Élection et climat: battre le fer pendant qu’il est chaud

Élection et climat: battre le fer pendant qu’il est chaud
Si nos esprits sont portés à la chaleur de l’été, nous ne devons pas oublier que nous sommes en année électorale. Un tel contexte est propice à l’avancement des enjeux importants. À commencer par le plus urgent: les changements climatiques. Nous savons que la principale source d’émissions de GES provient des hydrocarbures (pétrole, gaz de schiste…). Pourtant cela n’a pas empêché le gouvernement libéral de M. Couillard de favoriser l’exploitation des hydrocarbures au Québec avec la loi 106. Ainsi, cette élection devrait être l’occasion d’interpeller les candidats à se prononcer sur l’exploitation des hydrocarbures.

Rappelons à cet égard que la CAQ n’est restée que trop évasive sur la question. Les prises de position de certains de leurs candidats (Youri Chassin) et leur absence d’opposition à l’oléoduc Énergie Est par le passé font toutefois craindre le pire.

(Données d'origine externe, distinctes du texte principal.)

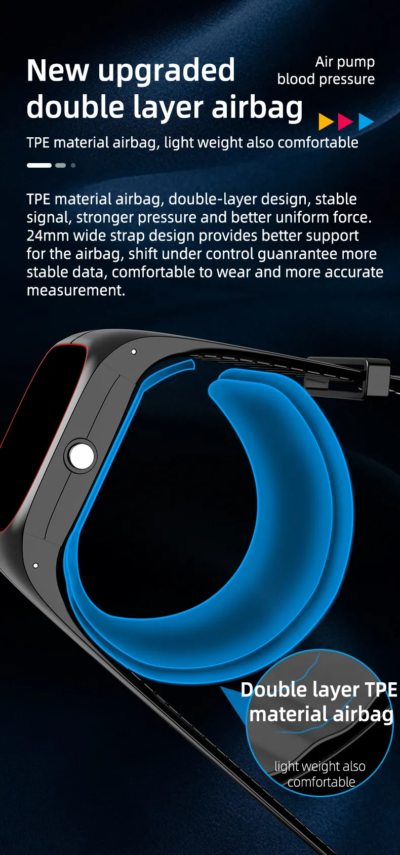 Functions: step counting, heart rate monitoring, blood pressure measurement, smart reminder, remote control selfie, sleep monitoring, blood

Pour les générations présentes et futures, il est plus que jamais nécessaire que les partis politiques proposent un véritable plan de sortie des hydrocarbures. J’espère donc que les différents candidats de Trois-Rivières se prononceront sur le sujet dans les semaines à venir.

Emanuel Protz

Nicolet

Pas la première fois...
La goujaterie du premier ministre Couillard n’est pas du tout surprenante. Dès le début de ce mandat, il a montré son mépris envers ses confrères libéraux en nommant trois transfuges de la CAQ (Dominique Anglade, Gaétan Barrette et Sébastien Proulx) à la tête de trois ministères des plus importants.

Ce faisant, il laissait subodorer que la députation libérale manquait de talent et d’envergure. Le respect, la parole donnée, la reconnaissance, la loyauté et l’empathie ne font pas partie de ses principales valeurs. Et c’est le moins qu’on puisse dire.